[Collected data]
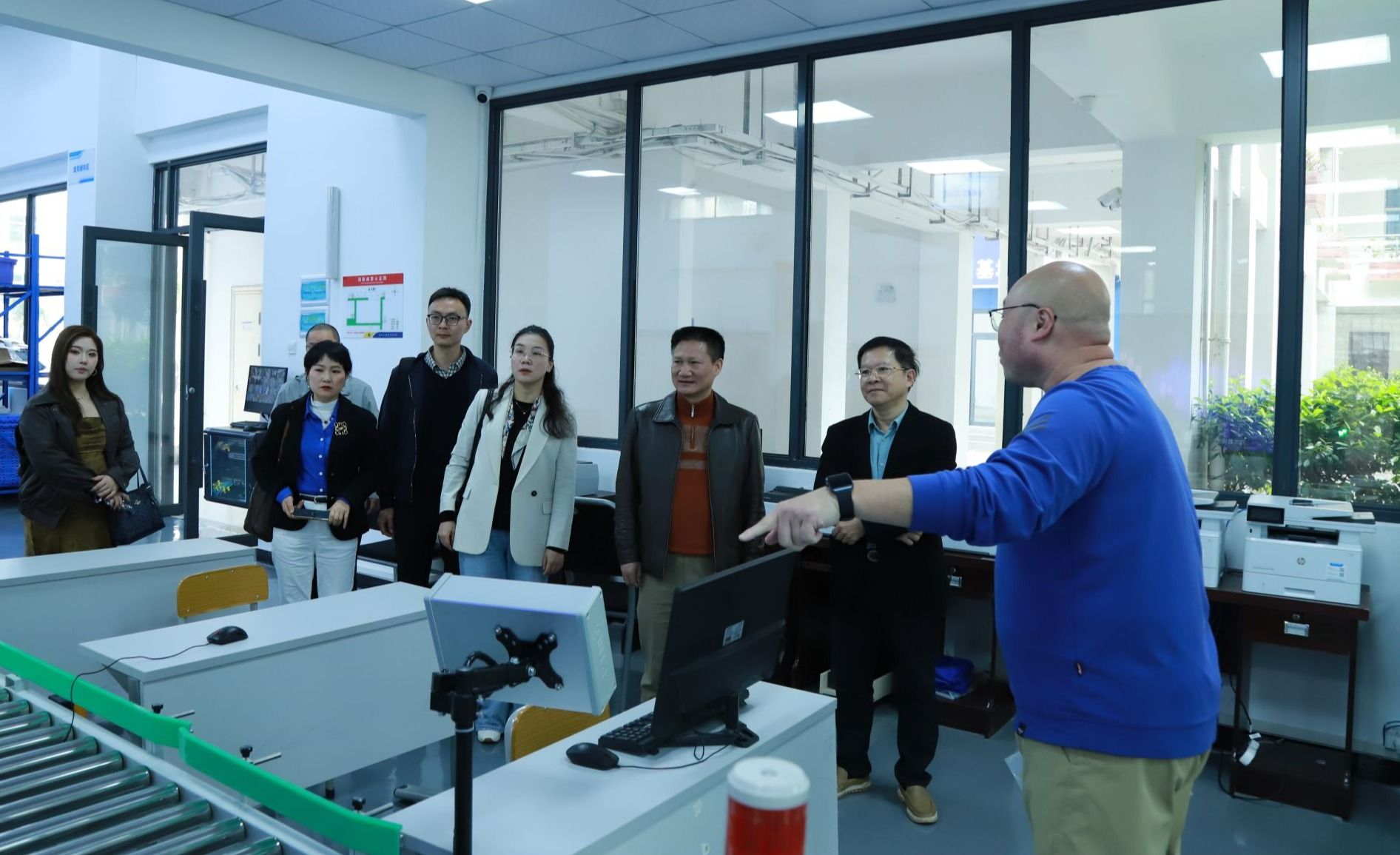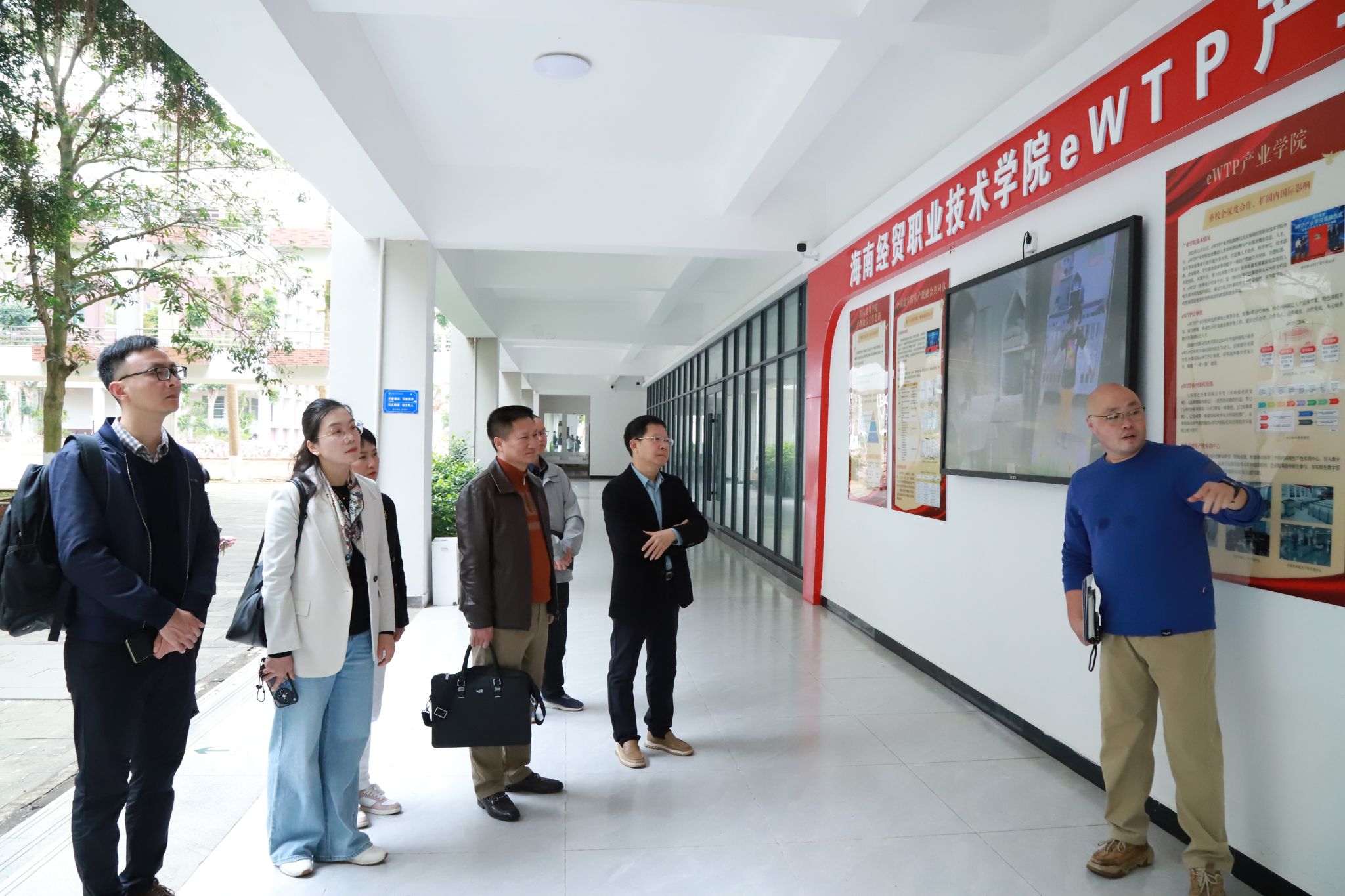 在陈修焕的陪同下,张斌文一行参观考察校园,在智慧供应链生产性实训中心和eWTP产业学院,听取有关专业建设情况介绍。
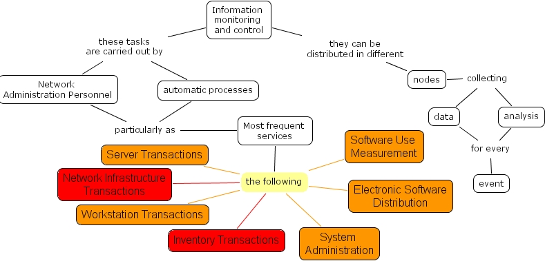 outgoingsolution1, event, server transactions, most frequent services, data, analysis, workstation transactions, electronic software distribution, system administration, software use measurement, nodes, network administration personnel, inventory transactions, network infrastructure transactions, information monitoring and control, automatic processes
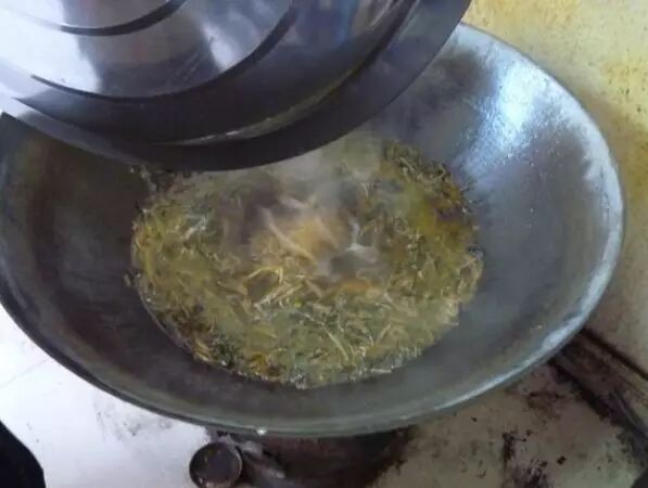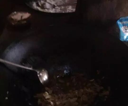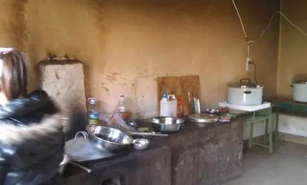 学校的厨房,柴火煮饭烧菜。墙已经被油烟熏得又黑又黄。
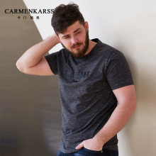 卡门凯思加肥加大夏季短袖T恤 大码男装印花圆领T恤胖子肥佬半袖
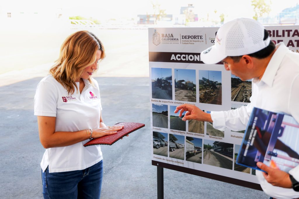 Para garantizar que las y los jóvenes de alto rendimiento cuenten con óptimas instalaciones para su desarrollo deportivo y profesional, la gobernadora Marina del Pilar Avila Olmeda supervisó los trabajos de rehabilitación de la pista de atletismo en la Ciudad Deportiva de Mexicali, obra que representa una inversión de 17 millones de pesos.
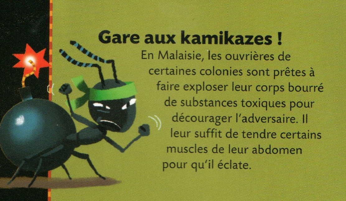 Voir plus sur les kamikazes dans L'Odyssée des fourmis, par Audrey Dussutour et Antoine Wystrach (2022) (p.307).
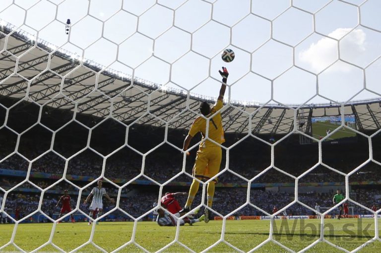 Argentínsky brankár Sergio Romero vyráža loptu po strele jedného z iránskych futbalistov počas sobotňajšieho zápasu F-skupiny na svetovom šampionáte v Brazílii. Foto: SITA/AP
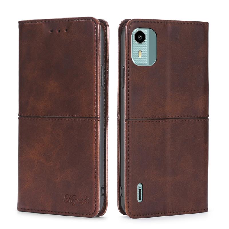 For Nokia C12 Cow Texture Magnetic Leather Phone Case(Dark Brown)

* EXERCISE INSTRUCTIONS *
Pictures stay out. Return exactly the lines from the one with "Voir plus sur" through the last line of the data.

* FINAL ANSWER *
 Voir plus sur les kamikazes dans L'Odyssée des fourmis, par Audrey Dussutour et Antoine Wystrach (2022) (p.307).
 Argentínsky brankár Sergio Romero vyráža loptu po strele jedného z iránskych futbalistov počas sobotňajšieho zápasu F-skupiny na svetovom šampionáte v Brazílii. Foto: SITA/AP
 For Nokia C12 Cow Texture Magnetic Leather Phone Case(Dark Brown)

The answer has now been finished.